Definition: Martingale

A stochastic process $\{Y_t\}_{t \geq 0}$ is a martingale if for $t \geq 0$,

$\mathbb{E}[Y_t \mid Y_r, 0 \leq r \leq s] = Y_s$ for $0 \leq s \leq t$.
$\mathbb{E}[|Y_t|] < \infty$. A Brownian motion $B_t$ is a martingale.

Proof

We have, $$ \begin{align*} \mathbb{E}[B_t \mid B_r, 0 \leq r \leq s] & = \mathbb{E}[B_t - B_s + B_s \mid B_r, 0 \leq r \leq s] \newline & = \mathbb{E}[B_t - B_s \mid B_r, 0 \leq r \leq s] + \mathbb{E}[B_s \mid B_r, 0 \leq r \leq s] \newline & = 0 + B_s \newline & = B_s. \end{align*} $$ and, $$ \begin{align*} \mathbb{E}[|B_t|] & = \int_{-\infty}^{\infty} |x| \ \mathcal{N}(x; 0, t) \ dx \newline & = 2 \int_{0}^{\infty} x \ \mathcal{N}(x; 0, t) \ dx \newline & = 2 \int_{0}^{\infty} x \ \frac{1}{\sqrt{2 \pi t}} \exp\left(-\frac{x^2}{2 t}\right) \ dx \newline & = 2 \cdot \frac{1}{\sqrt{2 \pi t}} \cdot t \newline & = \sqrt{\frac{2 t}{\pi}} < \infty. \newline \end{align*} $$

Further, one can define a martingale with respect to other stochastic processes.

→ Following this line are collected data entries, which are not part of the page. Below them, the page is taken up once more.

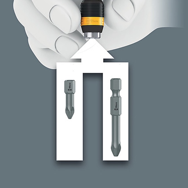Зажим с внутренним шестигранником 1/4", с быстросменным патроном Wera и технологией Rapidaptor с функцией быстрой установки, быстрого извлечения, быстрого вращения, универсального зажима, управления одной рукой.
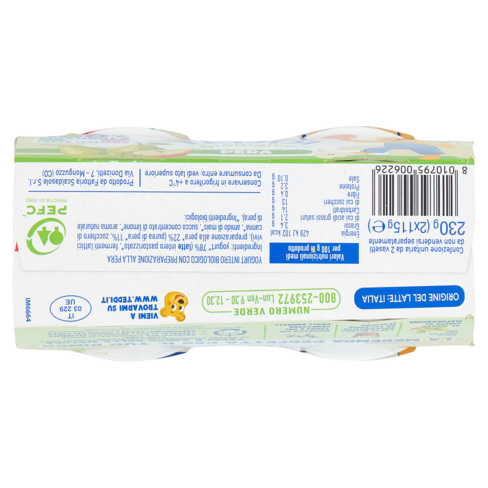 Yogurt* 78% (latte intero pastorizzato*, fermenti lattici vivi) Preparazione alla pera* 22% (purea di pera* 11%, zucchero di canna*, amido di mais*, succo concentrato di limone*, aroma naturale di pera*) *Ingredienti biologici
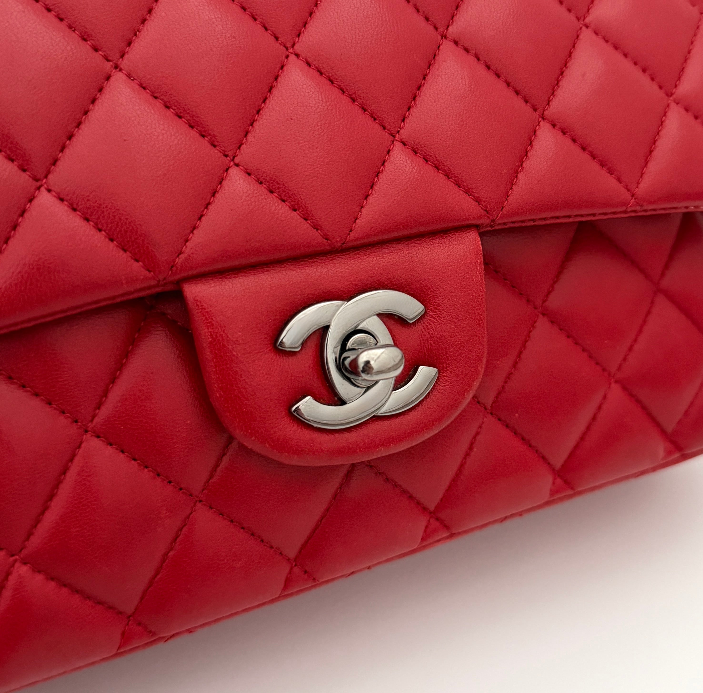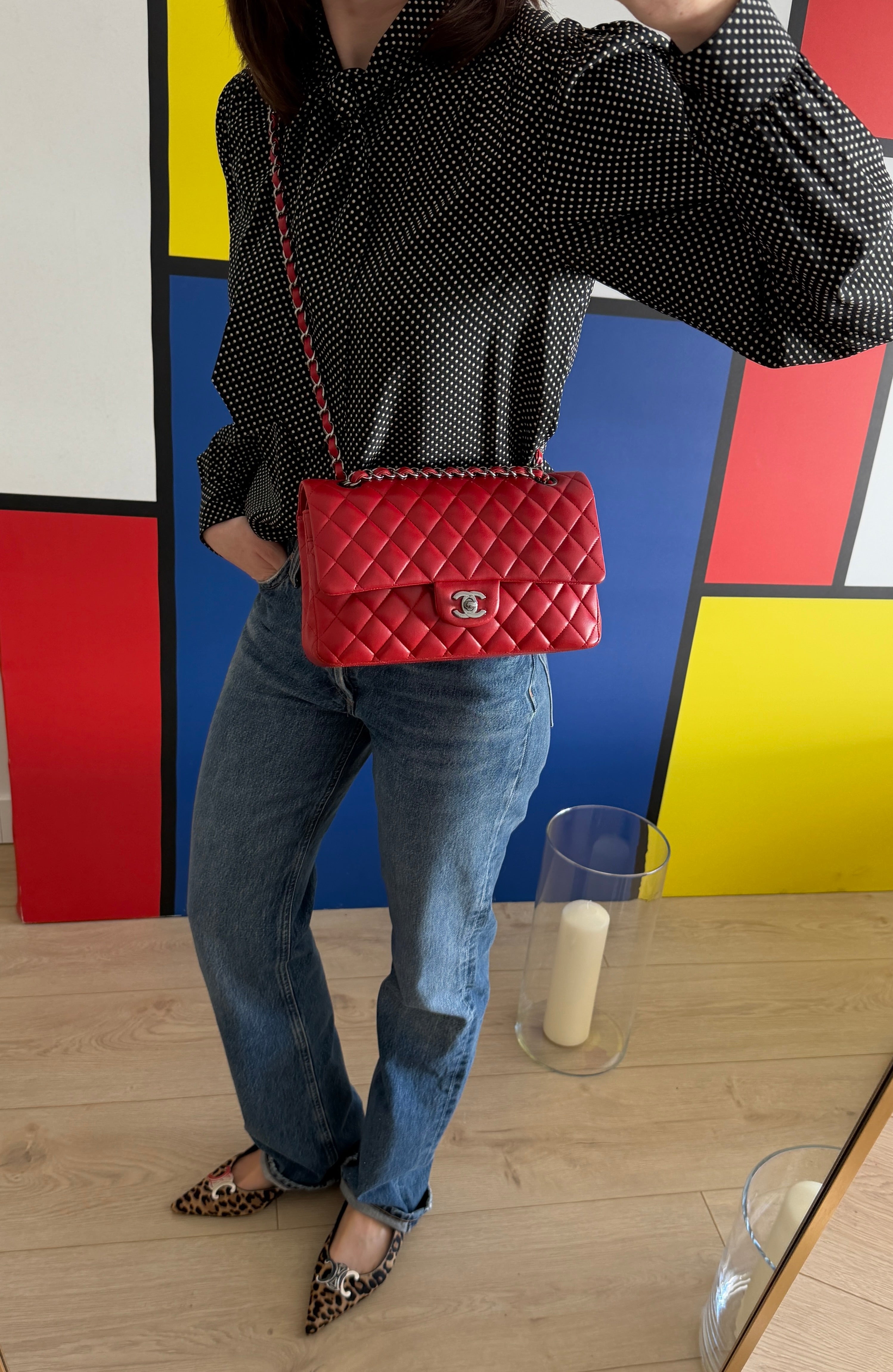 Chanel Timeless 25 Double Flap red lambskin vintage classic flap bag
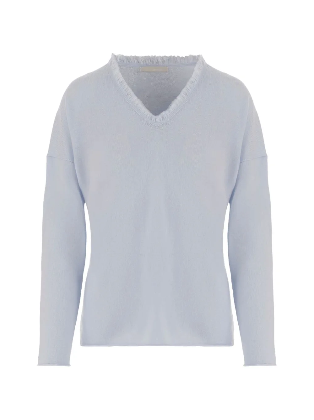 fringed-neck sweater Highlights - Light blue - V-neck - Fringed trim - Long sleeves - Straight hem Imported Composition Virgin Wool 70%, Cashmere 30% Washing instructions Read Manufacturer Guidelines
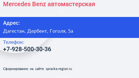 Mercedes-Benz, автомастерская по адресу Дагестан, Дербент, Гоголя, 5а в дальнейшем Организация, размещена в следующих категориях:
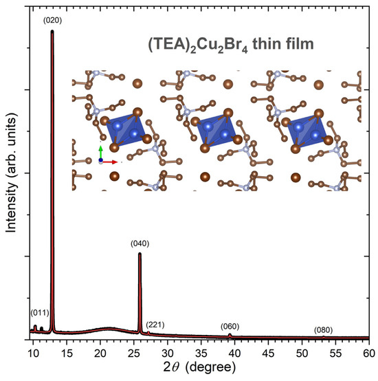 Figure 1 shows the experimental X-ray diffraction (XRD) pattern of a (TEA)2Cu2Br4 thin film on quartz (black line). The XRD pattern was analyzed by a Rietveld refinement procedure employing the program MAUD [28], using the structure reported by Chen et al. (monoclinic space group P 21/c, no. 14) as a starting point [25]. Interestingly, the XRD pattern exhibits a strong texture; therefore, (0k0) peaks (k = 2, 4, 6, and 8) are dominant. Other reflections, such as (011) and (221), are barely visible. From the fit (red line), we obtained the unit cell parameters a = 8.46(5) Å, b = 13.7606(4) Å, c = 11.08(2) Å, and β = 98.3(7)°. These can be, for instance, compared with the values of Chen et al., who found a = 8.3505(8) Å, b = 13.7641(13) Å, c = 11.0507(11) Å, and β = 97.076(9)°, based on their single-crystal data [25]. As expected, because of the strong texture effects of the film, only b is well defined in our case, and the scatter in the other parameters is expected, because of the limited number of diffraction peaks available. In any case, our XRD pattern confirms the successful synthesis of the (TEA)2Cu2Br4 thin film. A zoom-in into the “molecular salt” structure of this compound featuring isolated [Cu2Br4]2− anions is provided on the top right of Figure 1. It was obtained using the program VESTA 3 [29]. These anions are discrete centrosymmetric dimers, and the configuration of the bromide ligands around copper(I) is distorted trigonal planar [23].
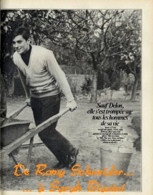 Il existe un petit film d’actualité de juillet 1968, Delon venant chercher Romy à l’aéroport de Toulon, comme naguère il était venu l’accueillir à Orly, débutant poussé par les producteurs avec un gros bouquet de roses rouges (elle l’avait trouvé risible) ; là non, c’est la revanche du "Félin" devenu superstar qui vient repêcher sa poupée. Vêtu d’une chemise noire et d’un blouson de vinyle noir, les cheveux noirs, il est sublime, s’est fait celui que Romy désirait être. Dans cette séquence, l’essence démoniaque des deux êtres est interchangeable. Voilà l’androgyne ! Androgyne Romy ? On se surprend à se demander ce que cette partisane de l’avortement aurait pensé de la PMA pour femme seule. Du mal sûrement, car elle prenait volontiers le parti des hommes, malgré des déceptions nombreuses dans ce domaine. On en a fait récemment à Cannes une "icône" du féminisme selon le terme consacré, erreur historique d’un monde du cinéma devenu si puritain et moral en comparaison de celui d’il y a quarante ans.
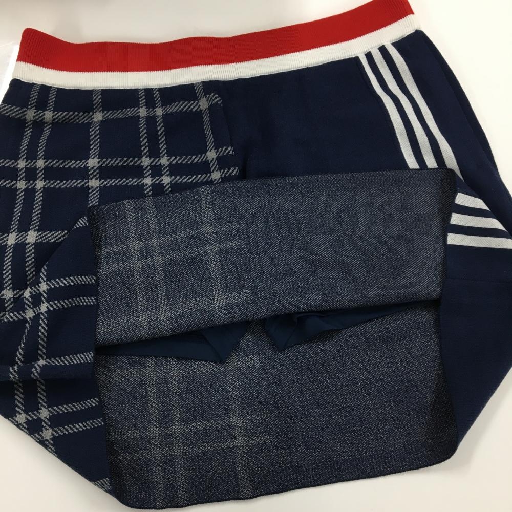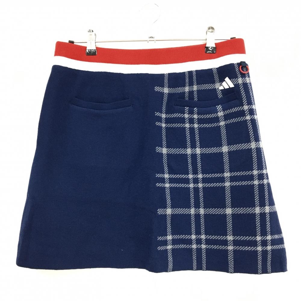 【超美品】アディダス ニットスカート ネイビー×グレー 右チェック 内側インナーパンツ レディース 2XL ゴルフウェア 2024年モデル adidas
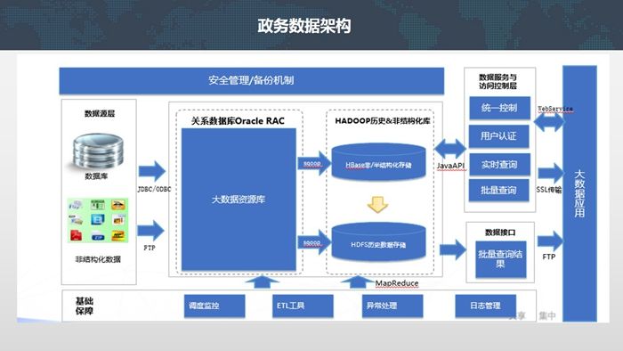 基于大數據的政務(wù)信息資源綜合利用平臺構建了統一的政務(wù)及社會(huì )公共信息資源平臺,平臺整合的信息資源涵蓋政務(wù)信息資源和與城市、企業(yè)、市民相關(guān)的社會(huì )公共信息資源。平臺支持從數據采集、處理、存儲、管理到分析、利用的全業(yè)務(wù)過(guò)程。
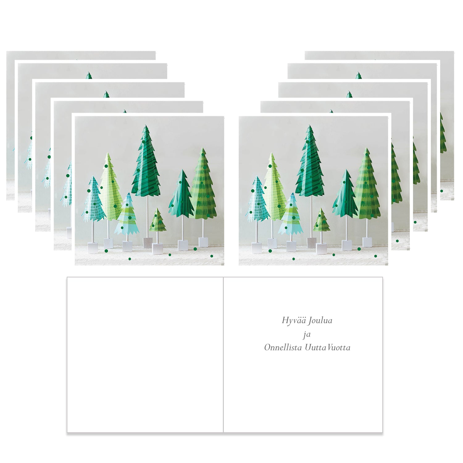 10 vikta julkort med finsk text "Hyvää Joulua ja Onnellista Uutta Vuotta". Det finns plats... Lue lisää Näytä vähemmän
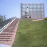 この建物は「フォーラム」と呼ばれる低層部の市民利用スペースと高層のタワーとで構成され、その2つがなだらかな丘(広場)によって繋がれているのが大きな特徴。
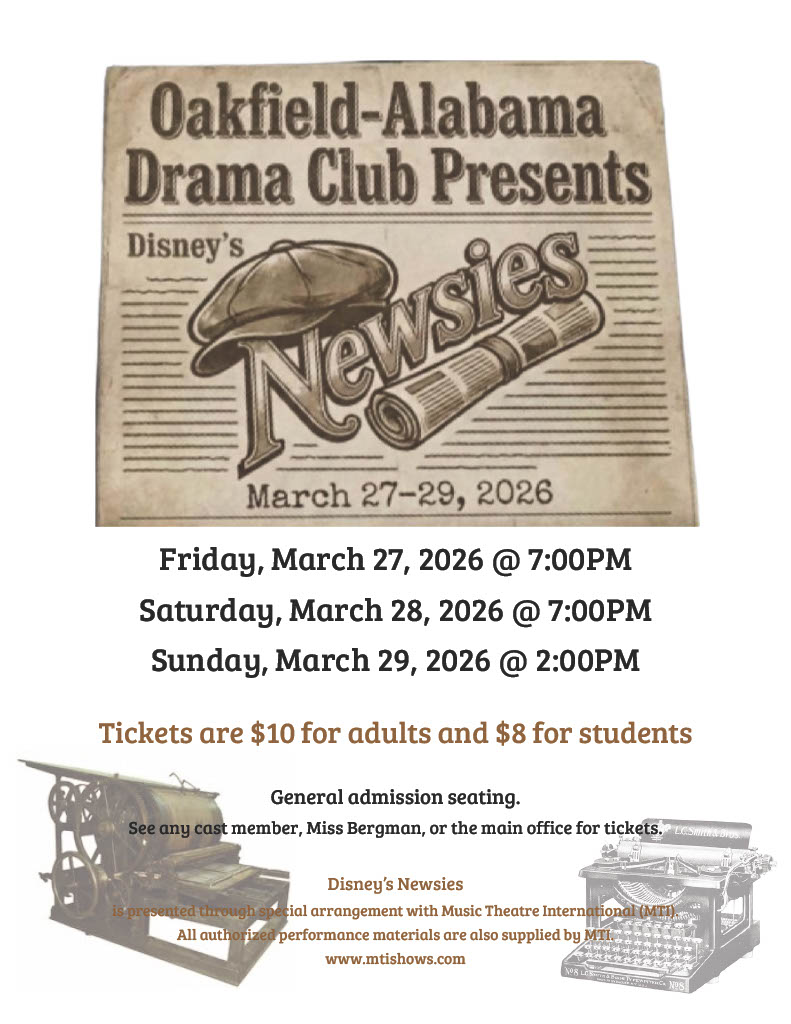 Oakfield-Alabama's musical is THIS weekend - March 27th-29th.Come out to see Newsies!Tickets are $10 for adults and $8 for students. General admission seating. Please see any cast member or contact...

$\{Y_t\}_{t \geq 0}$ is a martingale with respect to $\{X_t\}_{t \geq 0}$ if for $t \geq 0$,

$\mathbb{E}[Y_t \mid X_r, 0 \leq r \leq s] = Y_s$ for $0 \leq s \leq t$.
$\mathbb{E}[|Y_t|] < \infty$.

Example

Let $Y_t \coloneqq B_t^2 - t$ for $t \geq 0$. Then, $\{Y_t\}_{t \geq 0}$ is a martingale with respect to the Brownian motion $\{B_t\}_{t \geq 0}$.

Proof

We have, $$ \begin{align*} \mathbb{E}[Y_t \mid B_r, 0 \leq r \leq s] & = \mathbb{E}[B_t^2 - t \mid B_r, 0 \leq r \leq s] \newline & = \mathbb{E}[(B_t - B_s + B_s)^2 - t \mid B_r, 0 \leq r \leq s] \newline & = \mathbb{E}[(B_t - B_s)^2 \mid B_r, 0 \leq r \leq s] + 2 B_s \mathbb{E}[B_t - B_s \mid B_r, 0 \leq r \leq s] + B_s^2 - t \newline & = (t - s) + 0 + B_s^2 - t \newline & = B_s^2 - s \newline & = Y_s. \end{align*} $$ Further, $$ \begin{align*} \mathbb{E}[|Y_t|] & = \mathbb{E}[|B_t^2 - t|] \newline & \leq \mathbb{E}[B_t^2] + t \newline & = \mathrm{Var}(B_t) + (\mathbb{E}[B_t])^2 + t \newline & = t + 0 + t \newline & = 2 t < \infty. \newline \end{align*} $$ Thus, $\{Y_t\}_{t \geq 0}$ is a martingale with respect to $\{B_t\}_{t \geq 0}$. $_\blacksquare$

Derivation: Geometric Brownian Motion can be a Martingale

Let $G_t \coloneqq G_0 e^{\mu t + \sigma B_t}$ be a geometric Brownian motion. We can derive that, $$ \begin{align*} \mathbb{E}[G_t \mid B_r, 0 \leq r \leq s] & \coloneqq \mathbb{E}[G_0 e^{\mu t + \sigma B_t} \mid B_r, 0 \leq r \leq s] \newline & = \mathbb{E}[G_0 e^{\mu(t - s) + \sigma (B_t - B_s) + \mu s + \sigma B_s} e^{\mu s + \sigma B_s} \mid B_r, 0 \leq r \leq s] \newline & = \mathbb{E}[G_{t - s}] e^{\mu s + \sigma B_s} \newline & = G_0 e^{(t - s)(\mu + \frac{\sigma^2}{2})} e^{\mu s + \sigma B_s}. \newline & = G_s e^{(t - s)(\mu + \frac{\sigma^2}{2})}. \newline \end{align*} $$ We see that $G_t$ is a martingale with respect to $B_t$ if and only if $\mu + \frac{\sigma^2}{2} = 0$, i.e., $\mu = -\frac{\sigma^2}{2}$.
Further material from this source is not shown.